▸ **Task requirements**
Every line below from the one containing "そして引き出しを閉めて、今回" through the one containing "Credit To |" must be transcribed exactly. Omit all lines outside that stretch.

▸ **Data section**
[Start of Attachment]
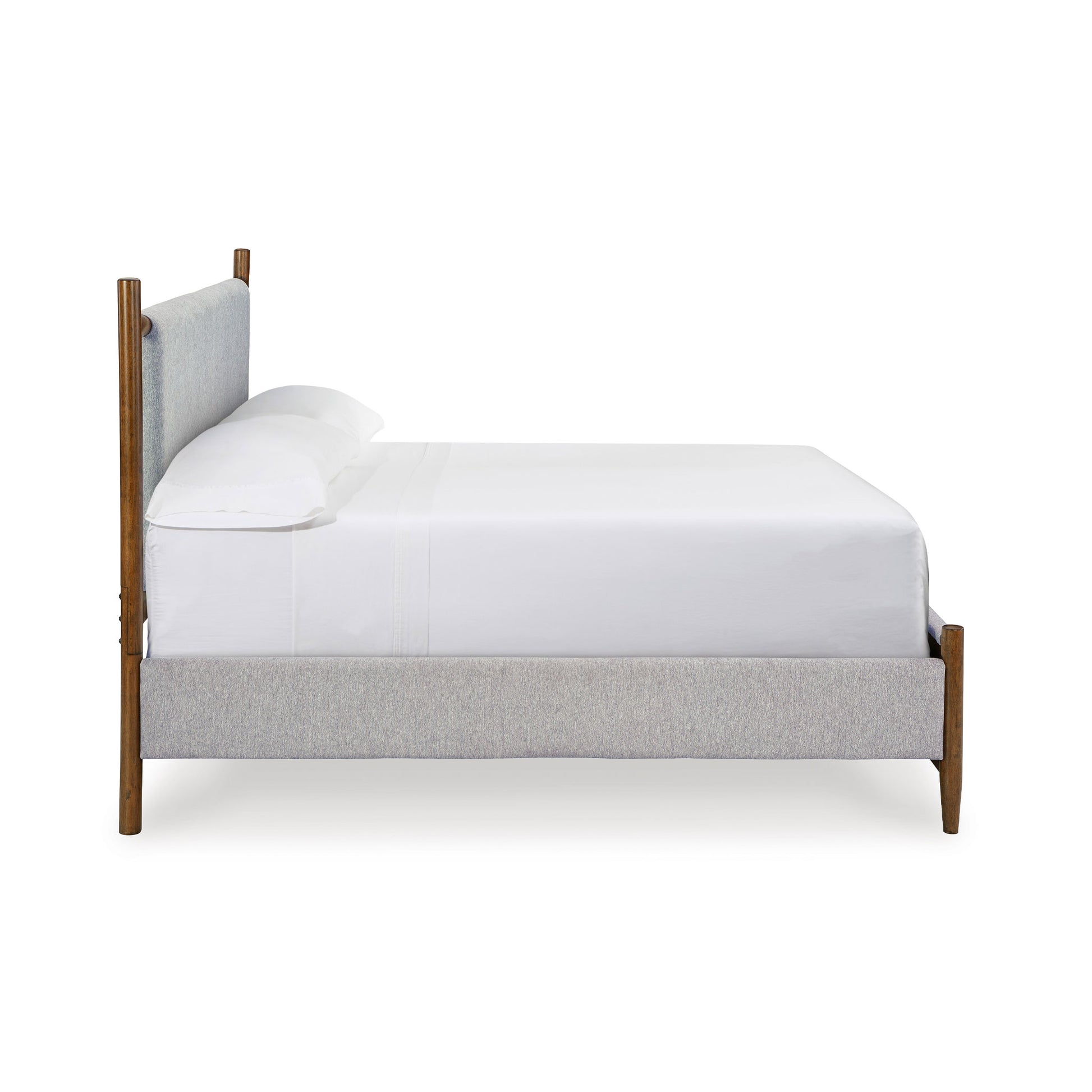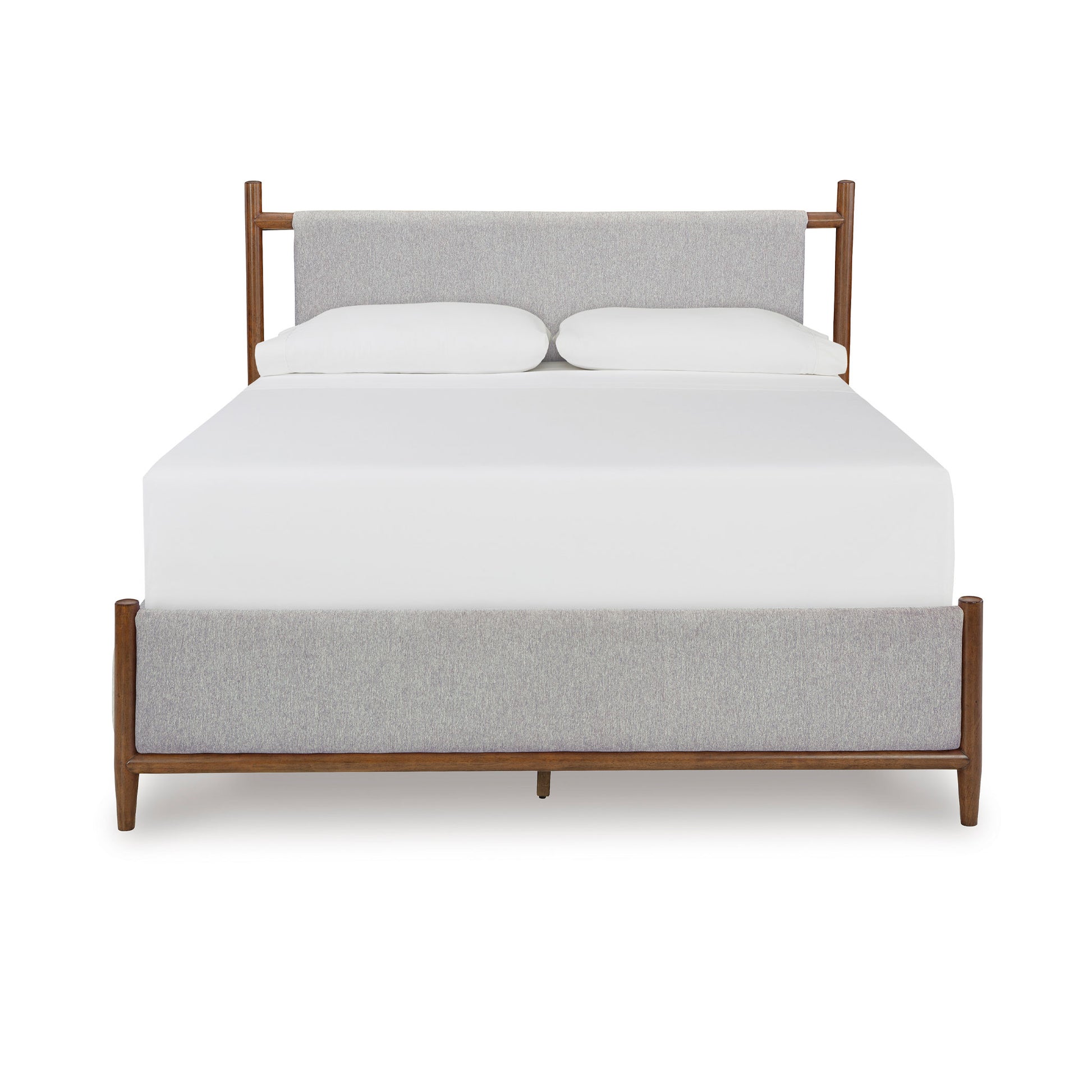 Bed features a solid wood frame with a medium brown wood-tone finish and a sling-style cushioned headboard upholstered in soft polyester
[End of Attachment]
[Start of Attachment]
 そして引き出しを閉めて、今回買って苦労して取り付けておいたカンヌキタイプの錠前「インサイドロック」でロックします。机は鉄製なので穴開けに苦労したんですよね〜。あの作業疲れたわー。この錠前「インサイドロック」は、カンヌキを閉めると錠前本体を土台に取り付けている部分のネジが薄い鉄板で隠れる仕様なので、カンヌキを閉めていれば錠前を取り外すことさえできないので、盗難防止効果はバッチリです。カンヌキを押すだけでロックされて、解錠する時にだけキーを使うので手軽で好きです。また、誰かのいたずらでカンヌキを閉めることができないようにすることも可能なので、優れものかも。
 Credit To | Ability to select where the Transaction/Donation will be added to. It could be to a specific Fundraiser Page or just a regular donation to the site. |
[End of Attachment]
▸ **Response area**
 そして引き出しを閉めて、今回買って苦労して取り付けておいたカンヌキタイプの錠前「インサイドロック」でロックします。机は鉄製なので穴開けに苦労したんですよね〜。あの作業疲れたわー。この錠前「インサイドロック」は、カンヌキを閉めると錠前本体を土台に取り付けている部分のネジが薄い鉄板で隠れる仕様なので、カンヌキを閉めていれば錠前を取り外すことさえできないので、盗難防止効果はバッチリです。カンヌキを押すだけでロックされて、解錠する時にだけキーを使うので手軽で好きです。また、誰かのいたずらでカンヌキを閉めることができないようにすることも可能なので、優れものかも。
 Credit To | Ability to select where the Transaction/Donation will be added to. It could be to a specific Fundraiser Page or just a regular donation to the site. |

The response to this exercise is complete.